Kentsel dönüşüm sürecinin en büyük engellerinden biri, dönüşüm yapılacak alanların büyük bir kısmının hala özel mülkiyete ait olması ve bununla ilgili çıkan hukuki sorunlar. Ayrıca, deprem riski taşıyan bölgelerdeki dönüşüm projeleri bazen ekonomik sebeplerle yavaşlıyor. Dar gelirli ailelerin yaşadığı bazı semtlerde, kentsel dönüşüm projeleri başlamadan önce konutların fiyatları artıyor ve bu durum, yoksul vatandaşların yerinden edilmesine yol açabiliyor.

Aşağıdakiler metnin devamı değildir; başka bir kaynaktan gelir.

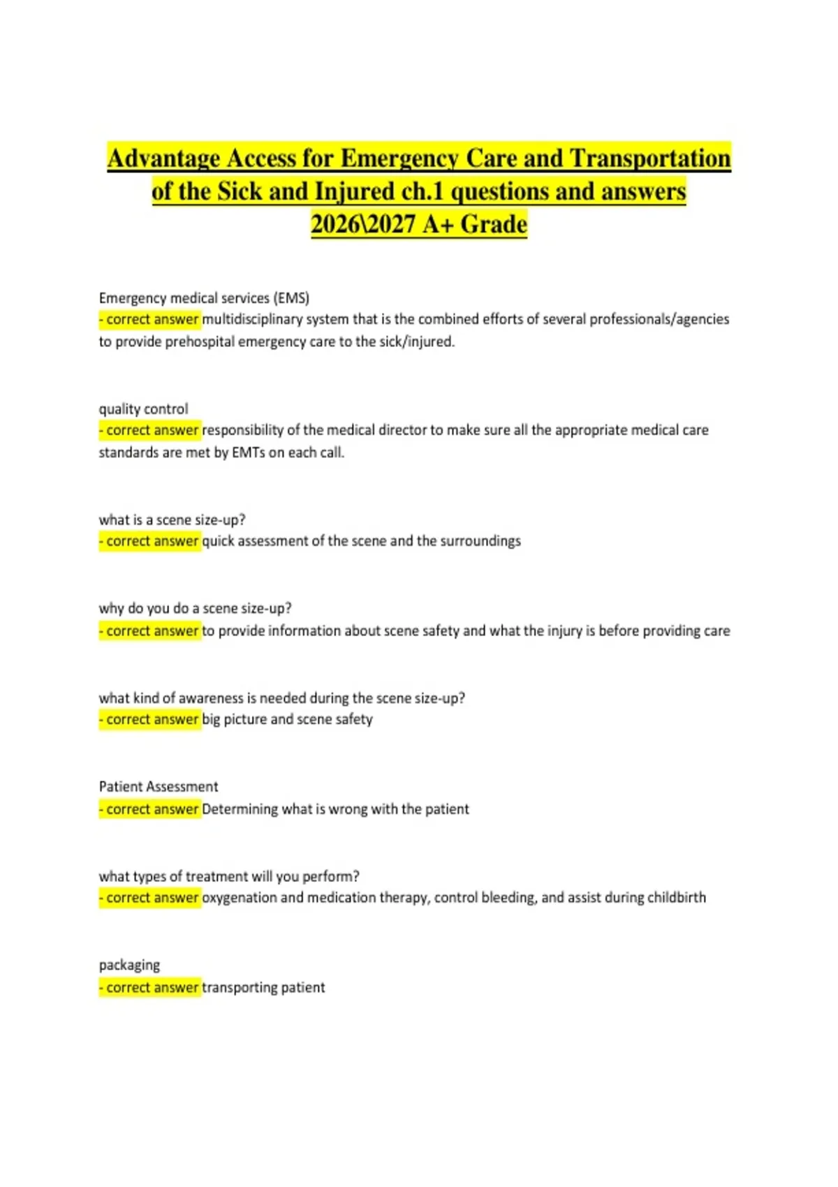 This study guide covers Chapter 1 of Advantage Access for Emergency Care and Transportation of the Sick and Injured, focusing on the EMS system, roles and responsibilities of EMS providers, levels of training, medical direction, legal and ethical considerations, and professionalism in emergency care. It includes chapter-aligned questions with clear, accurate answers to support effective preparation for EMT coursework and exams during the 2026–2027 academic year. The material is structured to reinforce foundational EMS knowledge, critical thinking, and exam readiness, helping students achieve an A+ grade.
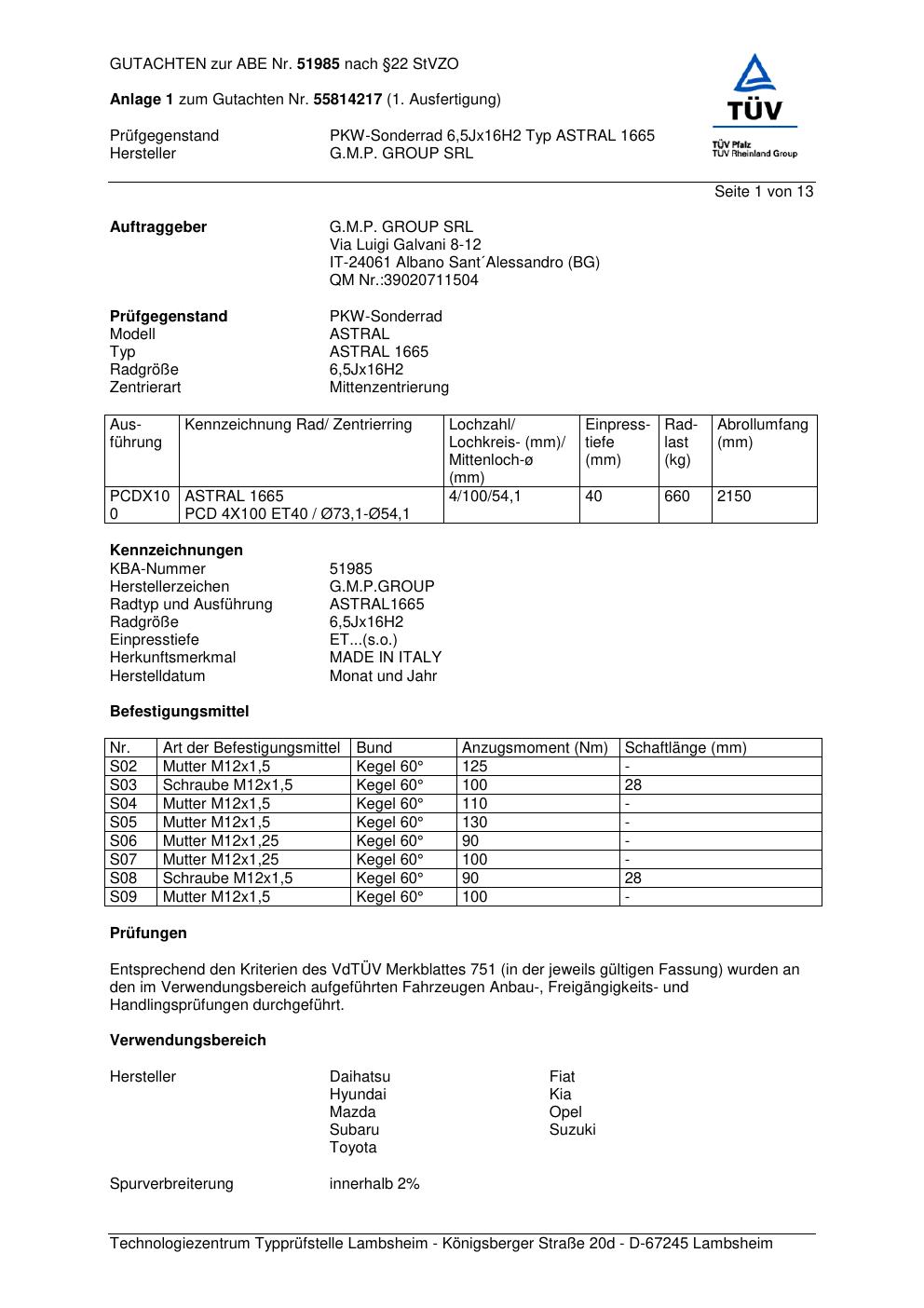 Dieses Gutachten (abe) bezieht sich auf die Alufelge ATS ASTRAL 1 665 in der Ausführung 6.5Jx16 ET 0, Mittenloch 0 mm (KBA 51985). Im PDF findest du typischerweise zulässige Reifengrößen, Auflagen/Anbauhinweise und – je nach Dokument – Hinweise zur Eintragung.
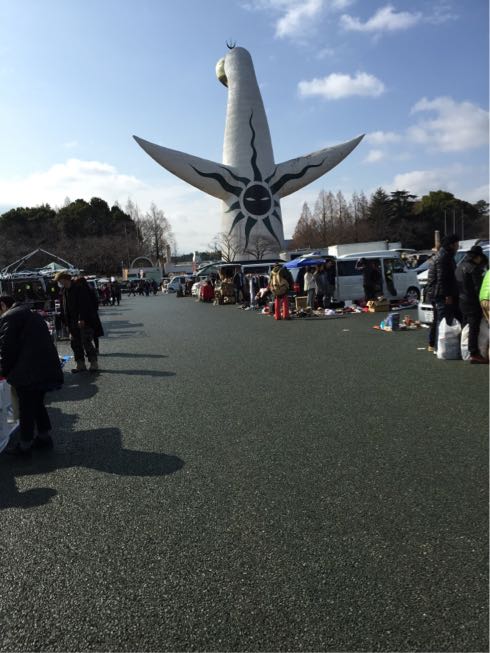 いいお天気で、太陽の塔の後ろでのガレッジセールは
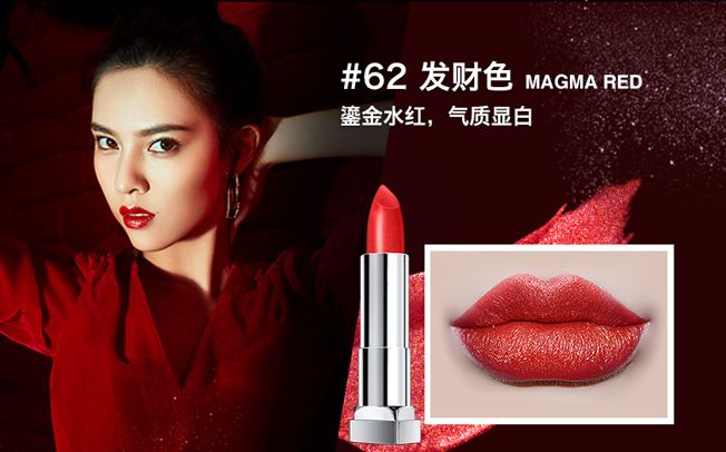 当时我看了官方的色卡,一眼就瞄到这支62号发财色!怎么说呢,就是莫名觉得红得超级美~

DEPREM HAZIRLIK DURUMU: NELER YAPILMALI?

Uzmanlar, Türkiye’nin deprem riski taşıyan bölgelerinde yapılan kentsel dönüşüm çalışmalarının hızlandırılması gerektiğini ifade ediyor. Ancak sadece yapısal dönüşüm değil, aynı zamanda toplumsal farkındalığın da artırılması gerektiği vurgulanıyor. Deprem bilinci oluşturulmalı, vatandaşlar afet anında ne yapacaklarını öğrenmeli ve toplumsal dayanışma güçlendirilmelidir. Ayrıca, afet sonrası yardım sistemlerinin daha verimli çalışması için altyapının güçlendirilmesi büyük önem taşıyor.

“PROJELER HAZIRLANMALI”

İstanbul Büyükşehir Belediye Başkanı Ekrem İmamoğlu, geçtiğimiz günlerde yaptığı açıklamada, “İstanbul’daki kentsel dönüşüm hızla devam etse de bu hız, büyük bir depremin öncesinde İstanbul’u güvenli bir hale getirmeye yetmez. Bütün Türkiye’de benzer projeler hızlandırılmalı” dedi.